They think the primary function of lncRNA is chromatin remodeling affecting gene expression — this is certainly true of XIST which silences one of the two X chromosomes females carry.

There is a lot more very technical molecular biology and close reasoning in the paper, but this should be enough to whet your interest. It is well worth reading. Probably, like me, you’ll be mentally arguing with the authors as you read it, but that’s the sign of a good paper.

Now for a question which has always puzzled me. Consider the leprosy organism. It’s a mycobacterium (like the organism causing TB), but because it essentially is confined to man, and lives inside humans for most of its existence, it has jettisoned large parts of its genome, first by throwing about 1/3 of it out (the genome is 1/3 smaller than TB from which it is thought to have diverged 66 million years ago), and second by mutation of many of its genes so protein can no longer be made from them. Why throw out all that DNA? The short answer is that it is metabolically expensive to produce and maintain DNA that you’re not using

If you want a few numbers here they are:
Genome of M. TB 4,441,529 nucleotides
Genome of M. Leprae 3,268,203 nucleotides

Clearly microorganisms are under high selective pressure, and the paper says that humans are under almost none, but it seems to me that multicellular organisms would have found a way to get rid of DNA it doesn’t need.

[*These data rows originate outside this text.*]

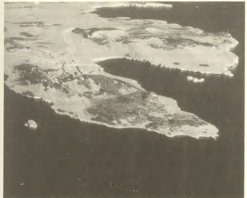
Wilkes Base from the air. This base was taken over by Australia in February 1959 and is now known as Casey.
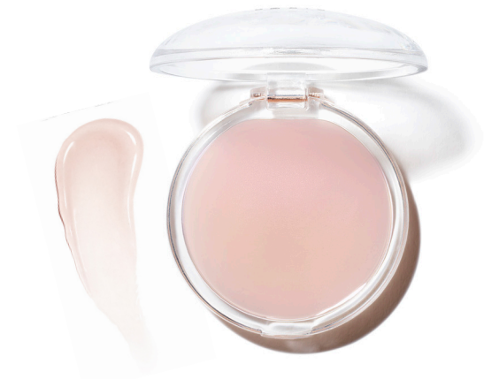
ORIGINAL clear semi glossy finish
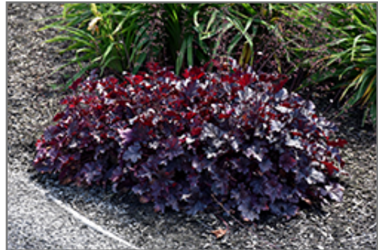
Plum Pudding Coral Bells

Plum Pudding Coral Bells is a fine choice for the garden, but it is also a good selection for planting in outdoor pots and containers. It is often used as a 'filler' in the 'spiller-thriller-filler' container combination, providing a mass of flowers and foliage against which the larger thriller plants stand out. Note that when growing plants in outdoor containers and baskets, they may require more frequent waterings than they would in the yard or garden.
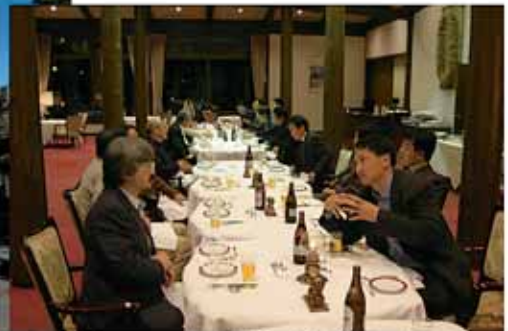
Dinner at Nikko Prince Hotel

It may well be that all this DNA and the RNA transcribed from it is evolutionary potting soil, waiting for some new environmental stress to put it to use.

Marshall McLuhan rides again

Marshall McLuhan famously said “the medium is the message”. Who knew he was talking about molecular biology?  But he was, if you think of the process of transcription of DNA into various forms of RNA as the medium and the products of transcription as the message.  That’s exactly what this paper [ Cell vol. 171 pp. 103 – 119 ’17 ] says.

T cells are a type of immune cell formed in the thymus.  One of the important transcription factors which turns on expression of the genes which make a T cell a Tell is called Bcl11b.  Early in T cell development it is sequestered away near the nuclear membrane in highly compacted DNA. Remember that you must compress your 1 meter of DNA down by 100,000fold to have it fit in the nucleus which is 1/100,000th of a meter (10 microns).

What turns it on?  Transcription of nonCoding (for protein) RNA calledThymoD.  From my reading of the paper, ThymoD doesn’t do anything, but just the act of opening up compacted DNA near the nuclear membrane produced by transcribing ThymoD is enough to cause this part of the genome to move into the center of the nucleus where the gene for Bcl11b can be transcribed into RNA.

There’s a lot more to the paper,  but that’s the message if you will.  It’s the act of transcription rather than what is being transcribed which is important.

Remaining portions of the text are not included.